Amazon Simple Storage Service (S3)

  • Logs Bucket: Houses logs for Chatbot API [Required]
  • Files Bucket: Houses files uploaded during chat with chatbot [Required]
  • User Feedback Bucket: Houses data from feedback provided by users chatting with the chatbot and selecting to provide feedback. [Required]

Amazon Simple Notification Service (SNS)

  • Messages Topic: Topic for managing message bus [Required]

Amazon Simple Queue Service (SQS)

  • Outgoing Messages Queue: Queue for managing outgoing messages [Required]
  • Outgoing Messages Dead-Letter Queue (DLQ): Queue for handling Dead-Letter messages from the Outgoing Messages Queue [Required]

AWS Lambda Functions

  • AppSync GraphQL API Handler: Function responsible for handling all inbound GraphQL API requests and processing them. [Required]
    • Note: The AppSync API handler acts as a single lambda for all API requests. This means that this function has a fairly broad permission set attached to interact with database, data stores, AWS Services, etc.

AppSync

  • GraphQL API: Primary API for App, containing both Realtime Streaming for Chatbot and Rest API for data. [Required]
    • Note: Optionally set GraphQL to be private, within a VPC and not exposed to public internet.
    • GraphQL API Resolvers have permissions to call their defined functions/endpoints

User Interface

Amazon Simple Storage Service (S3)

  • Upload Logs Bucket: Bucket that logs from user uploads is stored [Required]
  • Website Bucket: Bucket that contains the front-end React-based UI [Required]

Amazon CloudFront

  • Front-End Distribution: Public facing CDN serving the website content from the Website Bucket. [Optional, default included]
    • Note:By default, the solution is configured as public facing with a CloudFront Distribution. During pre-deployment configuration, the solution can be deployed inside a VPC as a private site.
    • "Public" refers to accessibility of the website, not ability to login. A Public site leverages Amazon Cognito as described in the Authentication section.
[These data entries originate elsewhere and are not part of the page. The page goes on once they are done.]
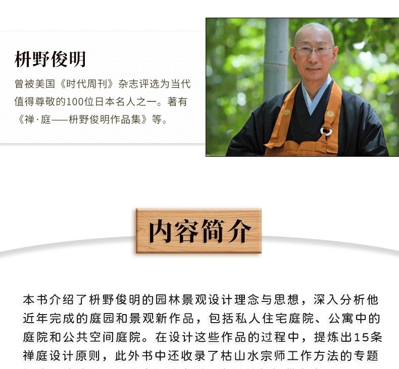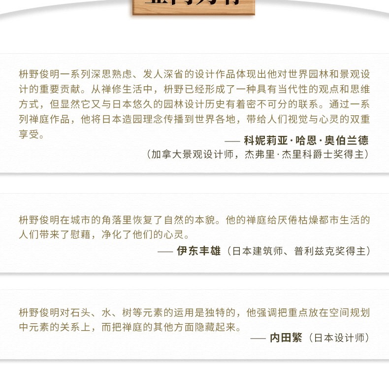 1 作者權威:枡野俊明擁有近40年的景觀設計經驗,在世界各地完成了眾多的設計項目,屢獲大獎。其作品準確地繼承了日本傳統庭園的精髓,並結合現代的語境,帶給人們視覺與心靈的雙重享受。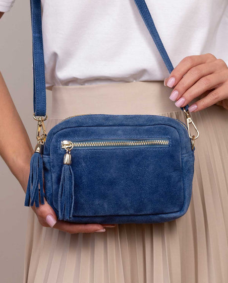 Storage bag organiser small leather bag womens blue leather - Made in Italy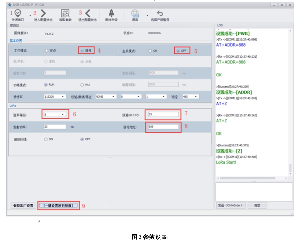 打開LoRa設置軟件(LG207和LG206-P選擇同一個),依次點擊打開串口(選擇A、B對應的串口號,串口參數:115200,None,8,1,NFC)、進入配置狀態、讀取參數、配置上表中的參數、一鍵設置所有參數,關閉LoRa設置軟件。

VPC, Load Balancing, & Networking

  • Private Website Configuration: The solution can be deployed as a private site, with restricted external access. During pre-deployment configuration, the solution can be deployed within a VPC by deploying an Application Load Balancer inside the VPC. This additionally routes traffic between services via VPC Endpoints (e.g. S3 access) [Optional, alternative to CloudFront deployment]

ML Models & Endpoints

Note: During the pre-deployment configuration, there is a range of configurations that can be applied to customize model usage to meet specific needs. There is model usage associated with inference and text embedding.

Bedrock

  • General Model Access: General access to all bedrock models enabled in the account/region. [Optional]
    • Bedrock access be disabled (not enabled) via the configuration process before deployment.
  • Restricted Model Access: If Bedrock is enabled, an IAM Role ARN can be provided to set custom permissions. This is the alternative to the General Model Access. [Optional]

SageMaker

  • Deployed Models: Access to the deployment models. This is customizable during the pre-deployment configuration and can vary depending on settings applied. [Optional]

This list does not include details around the IAM permissions required for operation of the solution as much of the permissions dynamic based on the pre-deployment configurations.

This library is licensed under the MIT-0 License.